In the case of automatic failover, the availability group fails over to a synchronized secondary replica without any data loss. However, an automatic failover requires the satisfied conditions defined in the flexible failover policy.

The flexible failover policy depends on the Health-check timeout thresholdFailure-Condition Level and Cluster timeouts.

It is an important aspect to determine the auto-failover causes in a production database environment. The logs are useful factors for monitoring and investigating the failures.

  • SQL Server error logs
  • Windows cluster logs
  • Cluster event logs
  • SQL Server failover diagnostics (sp_server_diagnostics) logs
  • AlwaysOn_Health extended events output
  • System_health extended events
  • Application and system logs

The availability group feature requires an underlying Windows Failover Clusters. The cluster requires cluster services on all participating nodes.

The resource host acts as an interface between the cluster resource and service. SQL Server uses resource DLLs for the resource monitor. These DLLs are responsible for health monitoring and offline-online resource management.

In the below image, we see two levels of monitoring in an AG configuration.

  • Looks-Alive
  • Is-Alive

Looks-Alive mechanism

SQL Server Always On Availability Groups levels of monitoring

In a Windows failover cluster, the cluster service continuously transmits heartbeat to other cluster nodes and waits for the acknowledgment. If it does not receive a heartbeat acknowledgment after a series of heartbeats, it assumes that the corresponding node is down. Subsequently, it broadcasts a message to other cluster nodes, and a node takes over the cluster ownership based on the quorum votes and majority configuration. If due to any reason, the cluster could not determine the quorum majority, all nodes in a cluster go into the resolving state and all cluster resources are taken offline. This process is known as Looks-Alive and runs every 5 seconds. The Windows failover cluster uses the Looks-Alive mechanism for an integration between the cluster resource host and SQL process. On the primary replica, SQL Server uses a dedicated lease worker thread.
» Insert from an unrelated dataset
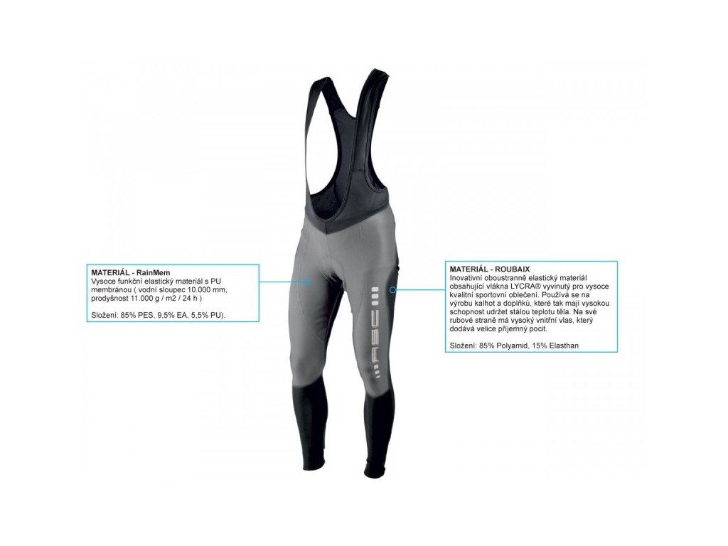 - Vysoko funkčný elastický materiál RainMem s PU membránou (10.000 mm H2O, /11.000 g/m2/24 hr; zloženie: 85% PES, 9,5% EA, 5,5% PU).

dedicated lease worker thread

Go to Windows Failover Cluster and right-click on the cluster resource. In the properties, you get configured values for LeaseTimeout. By default, it is set to 20000 milliseconds (20 seconds).

Lease Timeout

The lease worker thread and resource host work circularly, as shown in the below image.

lease worker thread and resource host

In the SQL Server logs on the primary replica, you get a message from the lease worker. The lease worker thread and resource host maintains a time-to-leave (TTL), and it gets updated each time threads wait up after a  signal from another resource.

SQL Server Always On Availability Groups SQL Server logs

If the lease timeout period elapsed while waiting for the signal, the AG resource goes into the resolving state. In the case of AG failover, SQL Server logs another entry to stop the lease renewal.

lease timeout period

Is-Alive mechanism

The SQL Server Always on resource DLL uses the sp_server_diagnostics stored procedure for the health of SQL Service. The stored procedure reports the status for the system, resource, IO subsystem, query processing and events. It uses a FAILURE_CONDITION_LEVEL for implementing defining a condition in which automatic failover can happen.

Failover Condition Level

Description

1

Automatic failover occurred due to server down or lease expiry.

2

No data returned from sp_server_diagnostics. It can be related to the hung server issue. The automatic failover can happen due to SQL Server is not connected to the cluster or due to user-defined health check timeout.

3 (Default level)

System error ( stack dumps, orphaned spinlocks, serious write-access)

4

Resource error (For example- persistent out-of-memory condition)

5

Query processing (for example – Scheduler deadlock or unresolvable deadlock)

A failover condition encompasses conditions lower than configured conditions as well. For example, the default condition 3 also uses condition levels 1 and 2.

You can use the ALTER AVAILABILITY GROUP to set a specific failover condition level.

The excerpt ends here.